June 14, 2009
June 14, 2009
June 17, 2009
14.777.1 - 14.777.10
Integration of Numerical Analysis and Experimental Testing Involving Heat Transfer for a Small Heated Cylinder During Cooling
Heat transfer projects can be focused on either experimental measurements or numerical analysis. Due to time constraints in a class it can be difficult to solve complicated problems using both methods. The project described in this paper involves both experimental work and numerical simulations used to determine the temperature of a small aluminum cylinder while it is cooling from a temperature of approximately 80ºC to ambient room temperature of approximately 23ºC. The project spans two courses in the undergraduate mechanical engineering curriculum: Heat Transfer where the numerical analysis was performed, and Systems and Measurement where students address the problem with experimentation. This implementation is intended to reinforce fundamental heat transfer concepts by working on a project through two different approaches. In the junior year the students first complete a numerical analysis of the cooling cylinder by solving the convection and conduction equations in radial coordinates using a finite difference approach and determining the temperature of the cylinder as it cools. In the senior year the same students look at the physical system in a laboratory exercise, utilizing thermocouples, computerized data acquisition, and processing to experimentally measure the temperature of the cooling cylinder. A description of both the theoretical problem and the experimental problem are given in this paper as well as results from a survey conducted after the students completed the project to help determine the effectiveness of the approach and the possibility of using a similar approach for other topics outside of heat transfer.
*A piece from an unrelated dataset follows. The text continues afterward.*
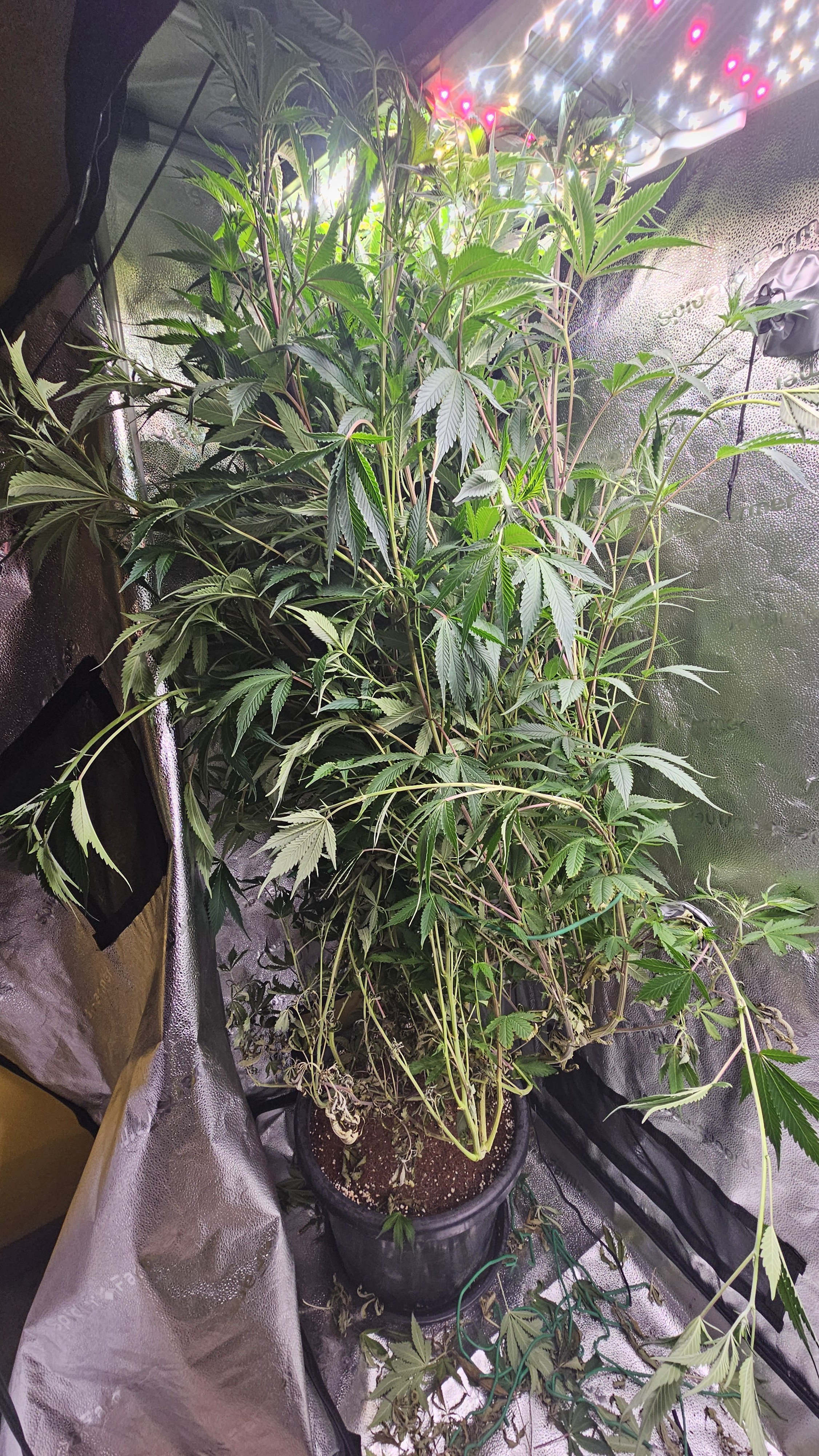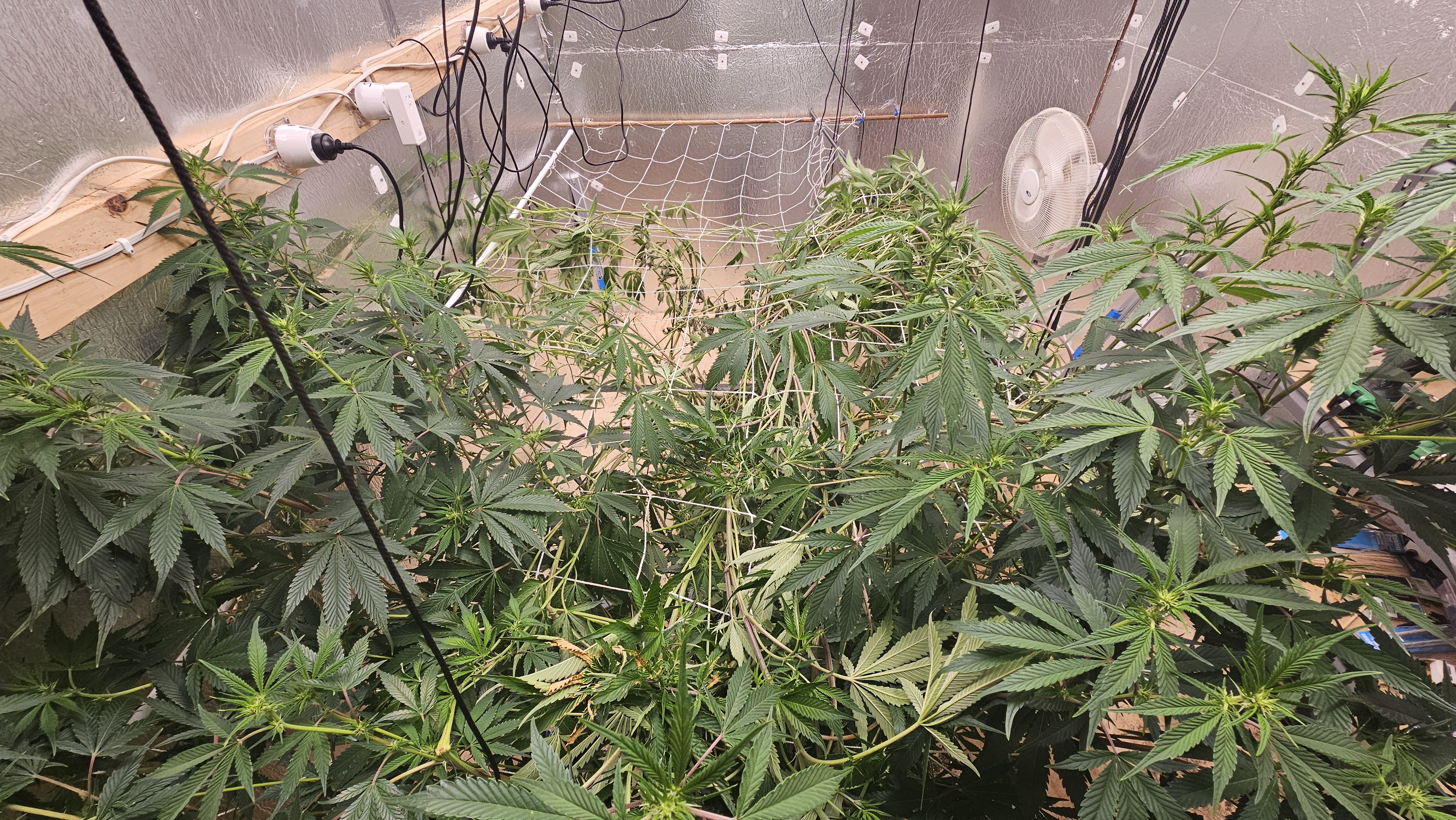 As you can see I tried to SCROG these but ended up flogging them. Canopy is around 8 to 9 ft wide.

This paper documents a heat transfer project that incorporates both numerical analysis (finite difference) as well experimental testing of the cooling of a small aluminum cylinder. This was done over the span of two undergraduate courses, the required introductory heat transfer lecture course (ME336 Heat Transfer) and a senior level technical elective on instrumentation (ME 491 Systems and Measurement). The goal is to reinforce concepts of conduction and convection heat transfer. The problem was divided into two courses for the following reasons. First, in a single course it is often not possible to have enough time to conduct detailed numerical analysis and time intensive experiments. Second, by using two separate courses the students can see the relationship between different engineering courses and strengthen their appreciation of their curriculum.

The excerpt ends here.